For dual-branch networks, it is important to effectively fuse the feature information extracted from both two branches. Current complete dual-branch structures [21, 22] have no interaction between the two ways, and thus the accuracy is not satisfactory. Although there is also have dual-branch with interaction structure [45], but the fusion method is to add the feature maps on both sides directly. This fusion method may have the phenomenon of “fusion loss”, because the semantic branch contains rich and accurate semantic information, and the feature map from details branch may not match the information on its corresponding position. To alleviate the above problems, in this work we propose a spatial-channel interactive module to guide the information exchange between the two branches. In this way, the resulting two branches can have certain common features at different scales. Our spatial-channel interactive module contains two paths: (i) high-resolution maps in the detail branch are integrated into low-resolution feature maps in the semantic branch.(called high-low path) (ii) low-resolution maps in the semantic branch are integrated into high resolution feature maps in the detail branch.(called low-high path)

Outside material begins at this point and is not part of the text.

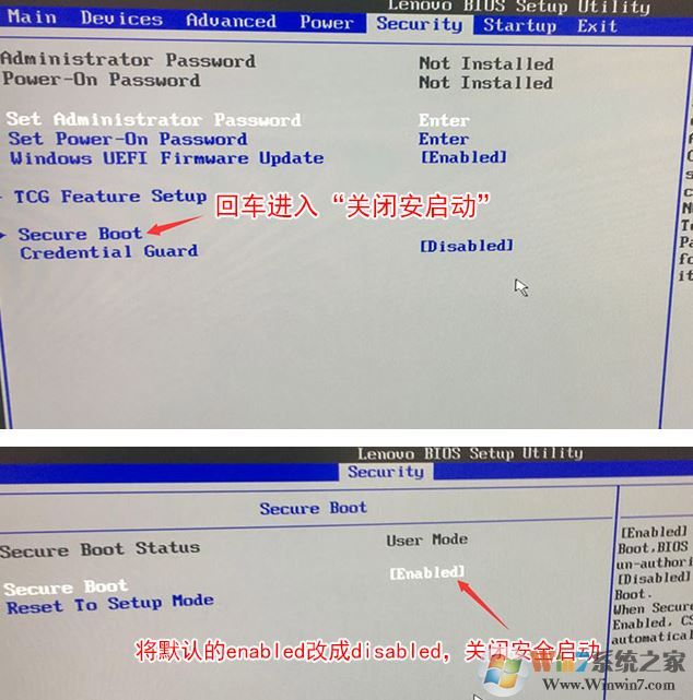 1、開機(jī)一直按F2或(FN+F2)進(jìn)入BIOS,按→方向鍵切換到Security,選擇Secure Boot回車設(shè)置成Disabled;

We next describe the detailed structure of the detail-semantic interactive module, shown in Fig. 4. Firstly, the high-resolution feature map retains a lot of position and detail information. In the high-low path, we adopt the method of fast downsampling and expanding the number of channels, and directly fuse by additive the feature map after downsampling and the low-resolution feature map. In the low-high path, we used the attention guided strategy (AGS), low-resolution features contain abundant semantic information. To effectively integrate them with high-resolution feature maps, we draw on the self-attention mechanism, and first upsample the low-resolution feature maps by bilinear interpolation. Then, the upsampled feature map is element-wise multiplication with the high-resolution feature map, and the high-level feature map is obtained by fusing the channel-wise direction. The obtained high-level feature map is input into the sigmoid function, and finally the relative attention mask \(\alpha \) is obtained. After obtaining the two attention maps, we further perform pixel-level product between mask and prediction, and then perform pixel-level sum between them to obtain the final result.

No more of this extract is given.